Saturday, December 10, 2011

Washington Post Slam's Cuccinelli's Plan to Campaign at Taxpayer's Expense

For six decades with one exception - who also was a Republican for the record - Virginia Attorney Generals have resigned from office once they announce they candidacy for governor. The reasoning is simple: (1) it avoids any appearance of conflict of interest in the performance of one's duties as top attorney for the Commonwealth and (2) it avoids making taxpayers subsidize one's political campaign since the reality, the campaign will preempt the performance of one's paid duties (Mark Earley, a former law partner of mine, was AG and later ran for governor, so I know first hand the time demands of such a campaign). In short, resigning from office is the honorable and ethical thing to do. Which is exactly why Ken "Kookinelli" Cuccinelli has said he will not follow the 60 year tradition. As with most Christianist extremists, Kookinelli talks alot about ethics and concern for taxpayers, but his actions tell the real story. The Washington Post is rightly appalled at Kookinelli's plan to campaign at taxpayer expense. Here are highlights from it's editorial on the issue:

IT’S EASY TO make the case — and we will, at a later date — that Ken Cuccinelli II, the attorney general of Virginia, already has done a lot to politicize the office he holds, and thereby diminish its status. Nonetheless, Mr. Cuccinelli seems intent on going a step further.

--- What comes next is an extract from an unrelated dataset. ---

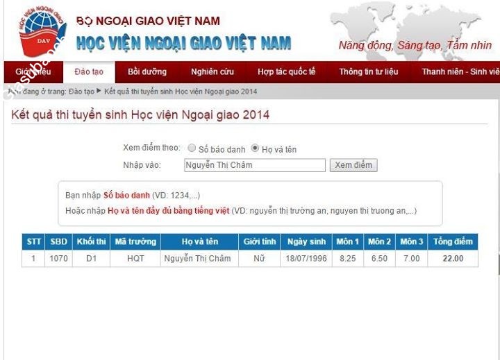 + Học viện Ngoại giao (khối D1) với số điểm 23 : Toán 8,25; Văn 7; Anh 6,5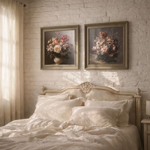 - 프렌치 플라워 정물화 가죽 프린팅 프레임 벽장식액자 엔틱 홈데코

Having announced his intention to run for governor, Mr. Cuccinelli (R) is bucking more than 60 years of bipartisan Virginia history by refusing to do the right thing and resign. Instead, he is insisting on remaining the state’s top lawyer “until the last day of my term,” even as he holds fundraisers, attends events and campaigns for governor. Thus Mr. Cuccinelli will inevitably further politicize his office, adding a partisan cast to every significant move it makes.

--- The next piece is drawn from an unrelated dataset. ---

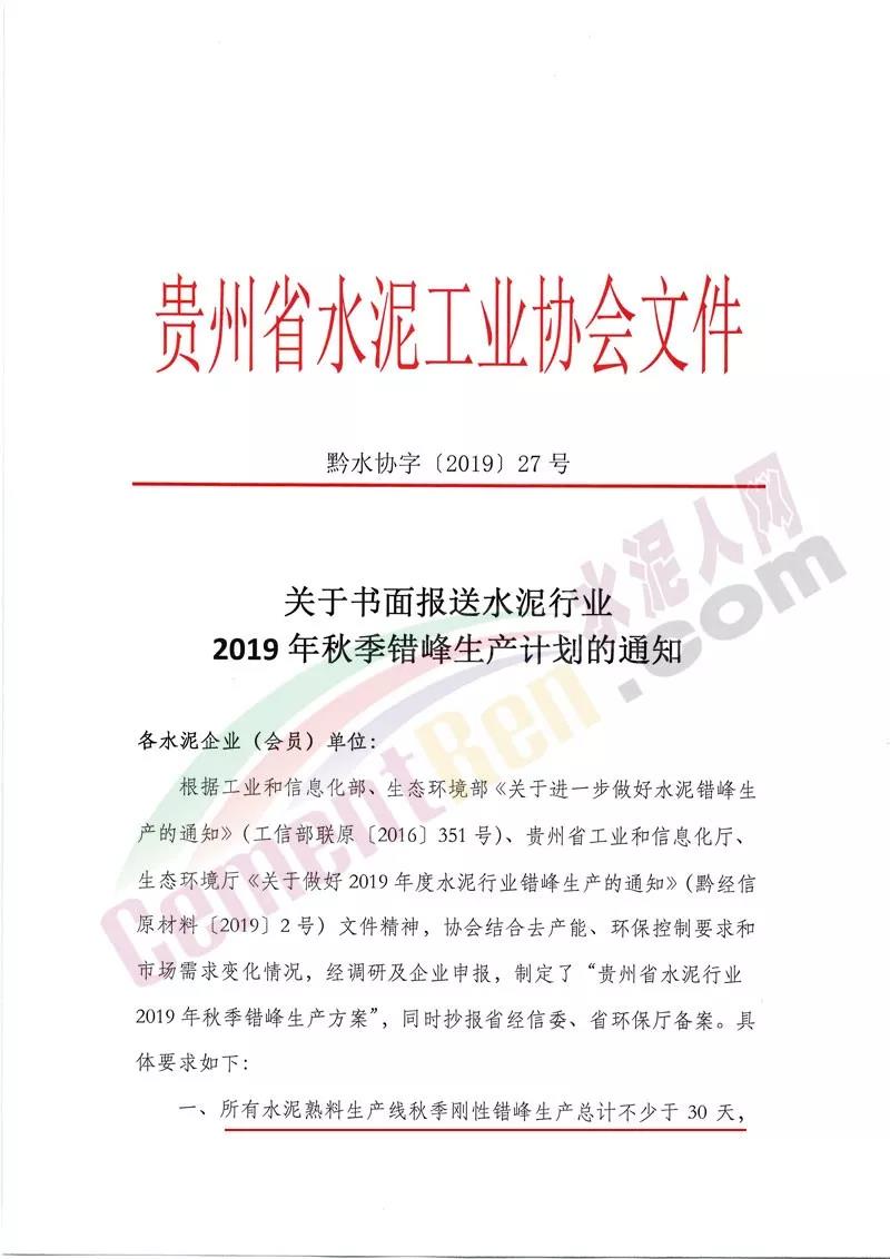 就在當(dāng)?shù)仄髽I(yè)一籌莫展之際,貴州省水泥協(xié)會(huì)緊急發(fā)布秋季錯(cuò)峰停產(chǎn)文件,要求省內(nèi)所有水泥熟料生產(chǎn)線秋季剛性錯(cuò)峰生產(chǎn)總計(jì)不少于30天,原則上每月錯(cuò)峰生產(chǎn)10天/窯。

Since the 1940s, 10 of Virginia’s 11 elected attorneys general have run for governor, and nine of them have resigned to do so. The past four, including Mr. Cuccinelli’s elected predecessor — the current governor, Robert F. McDonnell — were Republicans; the ones before that were Democrats.

If Mr. Cuccinelli’s intent is to invite cynicism and cast ill repute on the position he holds and the office over which he presides, he is doing a bang-up job.

In a letter to his staff, he attributed his decision to the fact that “the people of Virginia trusted me to be their attorney general, and I intend to give them four full years.” If so, they may also have taken him at his word — frequently stated while he campaigned — that he intended to run in 2013 for reelection as attorney general, which he described as his dream job. It turns out he didn’t mean it.

Now he pledges to give priority to his current job, and Virginians will have to hope that his legal decisions will not be colored by his candidacy.

In my opinion, Cuccinelli is a sleaze bag and a prime example of those who want to suckle on the government tit - something he claims to abhor - while expending his time and efforts elsewhere. Why does the term hypocrite come to mind?